Abbreviations: CI, confidence interval; SM, skeletal muscle; VAT, visceral adipose tissue; CRP, C-reactive protein
Although HCV infection was associated with mortality in unadjusted analysis (OR=2.0, p=0.0002), when included in the fully adjusted model with albumin and AST, HCV showed little association with mortality (OR=0.90, 95%CI: 0.51, 1.59, p=0.71). Even after multivariable adjustment, associations of serum albumin and AST differed by HCV status and were stronger in HIV/HCV-coinfected persons. The association of serum albumin with mortality was stronger among HIV/HCV-coinfected persons (OR=2.1 per 0.5 g/dL decrease, p=0.0005) compared to those without HCV infection (OR=1.28, p=0.074; test for interaction: p=0.038). The AST by HCV interaction was especially strong (p=0.0042). AST was associated with 2.5-fold higher odds of mortality in HIV/HCV-coinfected persons (95%CI: 1.5–4.1, p=0.0002) but only 1.08-fold odds in those without HCV infection (95%CI: 0.77–1.51, p=0.67; both per AST doubling). Calculated globulin and total protein showed weaker associations with mortality compared with albumin, and were not included in fully adjusted models.
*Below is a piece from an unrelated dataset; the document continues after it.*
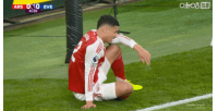 比賽第42分鐘,加納開出埃弗頓的前場定位球,拉亞出擊時不慎給了薩利巴臉部一肘!后者一度倒地不起。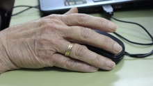 Manos que a pesar del temblor no les impide enviar correos a sus amigos y seres queridos

Our multivariable models controlled for two distinct acute phase response proteins, CRP and fibrinogen, both of which showed independent associations with mortality. We found that lower albumin levels showed only modest correlations with higher acute phase response markers (e.g., the correlations with CRP were: r=−0.19, p<.0001 overall; r=−0.26, p=0.0003 for HIV/HCV-coinfected; and r=−0.23, p<.0001 for HIV-monoinfected). In contrast, higher AST levels were not associated with higher acute phase response proteins. Instead, AST was weakly associated with lower CRP overall (r=−0.11, p=0.0012), and had less association when stratified by disease category (r=−0.045, p=0.54 for HIV/HCV-coinfected; and r=−0.031, p=0.40 for HIV-monoinfected).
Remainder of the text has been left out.